7 December 2013

The box I have my lemons stored in is tucked away under a shelf in the for’ard part of the boat. Yesterday afternoon I stuck my hand in to get one and found there were quite a few that had gone off. I pulled the box out into the cockpit and drew a bucket of water then rinsed the worst of the mould from the remaining good ones. I had to chuck out about half a dozen as they had gone to mush but the rest were salvageable and they’ll do for a bit yet.

While I was doing this a small squad of flying fish flew up as if from a starting gun and skirted over the wave tops. They have been very scarce on this trip. By this time in 2006 I’d had to pick them off the deck in the mornings regularly. I’ll get a breakfast or two from them yet. They are amazingly quick when they lift off and glide for surprisingly long distances.

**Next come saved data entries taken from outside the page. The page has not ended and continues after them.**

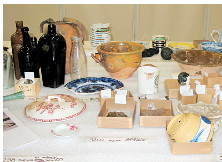
Échantillonnage d'artefacts parmi les 8000 objets constituant la collection de référence.

«Vous voyez cette grosse brique en roc? C'est un laitier. Un résidu issu de la fabrication de la fonte au haut fourneau. Imaginez quand on fait de la confiture de fraises, il y a une mousse qui se forme à la surface, que l'on enlève à la cuillère avant de mettre en pot. Eh bien, si l'on fait fondre de la fonte à haute température, il se forme à la surface
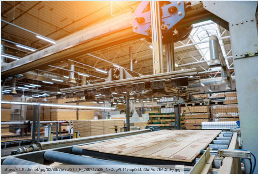
Ahşap Kaplama Panel ve Parke Üretim Tesisi

Talaşların yumuşatılıp buharla pişirildiği aşama ile rafineri arasında talaşlardan vidalı tapa (screw plug) ile alınan su, rafine etme sırasında rafineri diskine eklemek için kullanılabilir. Ayrıca kalan konsantre su hat içinde, örneğin buharlaştırma, yüzdürme veya çözünmüş hava ile yüzdürme yoluyla arıtılabilir. Bu teknik ile su kullanımının ve atıksu oluşumunun azaltılması mümkündür (IPPC BREF, 2016).
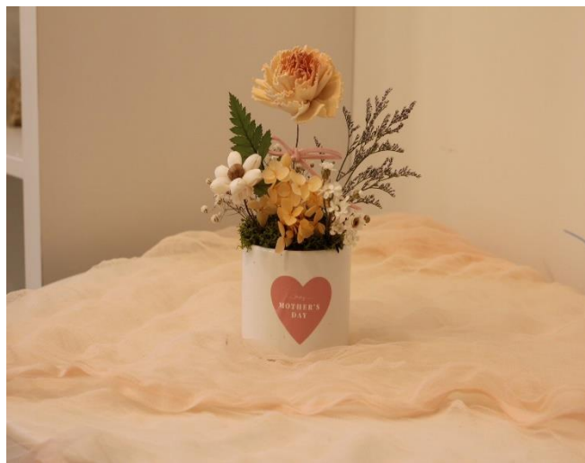
說明：擴香花盆製作課程
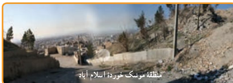
منطقه موشک خورده اسلام آباد

حمله موشکی عراق به شهرها : هنگامی که مقاومت و پیروزی رزمندگان اسلام در جبهه‌های جنگ نیروهای بعثی عراق را زمین‌گیر کرد، ارتش بعثی عراق به دستور صدام برای شکستن مقاومت رزمندگان حمله موشکی به شهرهای بی‌دفاع را در اواخر سال ۱۳۶۶ آغاز کرد. در این عملیات ناجوانمردانه شهر کرج نیز چهار بار مورد حمله موشکی قرار گرفت که در این حملات ۱۱۷ تن از هم‌وطنان شهید و تعداد زیادی مجروح شدند.
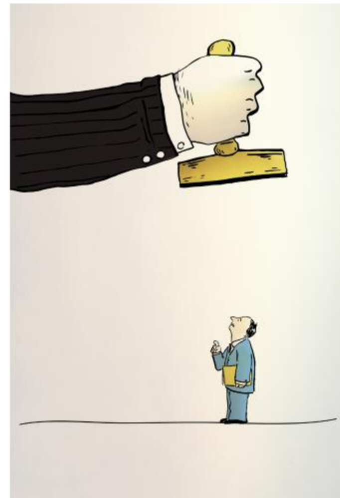
Título: Dolorosos trámites Autor: Diego Maximiliano Flisfisch País: Chile

*Indicador anual elaborado por el Banco Mundial en 190 economías.
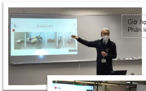
Giờ học môn tự nhiên Phân loại sinh vật

☆ Đây là trường công lập phổ thông cơ sở với hình thức chưa từng có trong tỉnh Tottori. Nằm ở tầng trệt của dãy nhà giáo dục thông tin-Trung tâm giáo dục tỉnh Tottori(Tottori-shi Koyama-cho Kita). Là chương trình phổ thông cơ sở ban đêm, với chương trình học được xây dựng cho phù hợp với trình độ của từng học sinh. Lớp học sử dụng máy tính hay máy tính bảng, tuần học 5 ngày, ngày 4 tiếng.
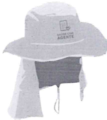
parte da frente do chapéu
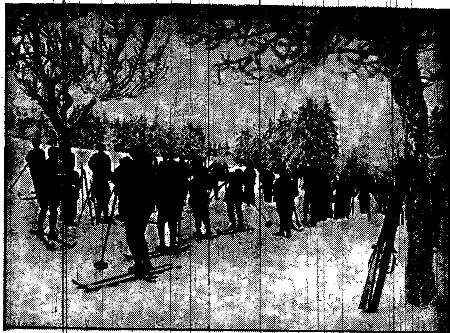
Start do narciarskiego biegu patroli wojskowych w Górnym Harcu w Niemczech.
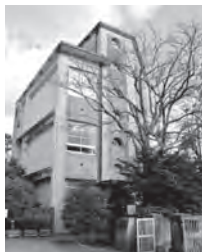
▲城山小学校被爆校舎 ▲進んでいる。

答 被爆4遺構は、原子爆弾の凄まじさを伝える貴重な遺構であり、末永く後世に継承するため、指定文化財化への取り組みを進めており、市長も文化庁長官へ協力要請を行った。また、パグウォッシュ会議では、遺構見学のための「モデルコース案内」を作成しているほか、ガイド等も含め、関係機関と連携して準備を進めている。

They will fly from wave to wave, sometimes it will end in a crash-landing and at other times with a flick of the tail they would be off again as if from a slingshot. I can imagine the older salts on the square-riggers telling the young lads shipping out in a British winter on their first trip that they would see fish that could fly and the sun would be so hot it would cook an egg cracked on to a metal plate on the deck. How far fetched it must have seemed. I’m still waiting to see my first mermaid though.

The wind fell away during the night and veered more into the east. At 0300 I had to gybe round to keep us heading on course. We were more or less dead downwind and with the Genoa poled out and us sailing goose winged we rolled constantly gunwhale up and gunwhale down all night.

There was a strange sky in the morning. The clouds stretching out on each side of the rising sun were small, individual and each one had been squashed down with the heel of a hand to flatten it out. It looked as though a massed fleet of flying saucers were flying in from the east.

The wind has held fine all morning, NE’ly F3-4 with a hot sun and blue skies. I baked a Chibata bread and it came out really good. I had a couple of big chunks for lunch then had to go for more with jam for dessert.
Our noon position puts us about 75nm from the west side of Santo Antao; the western edge of the Cape Verde’s. On average there is more chance of a steadier wind to the west of the group than from sailing through them so we are skirting the western edge before diving south to the equator. Visibility can be poor around the islands at times so whether we will actually see them or not is guesswork. We’ll know tomorrow.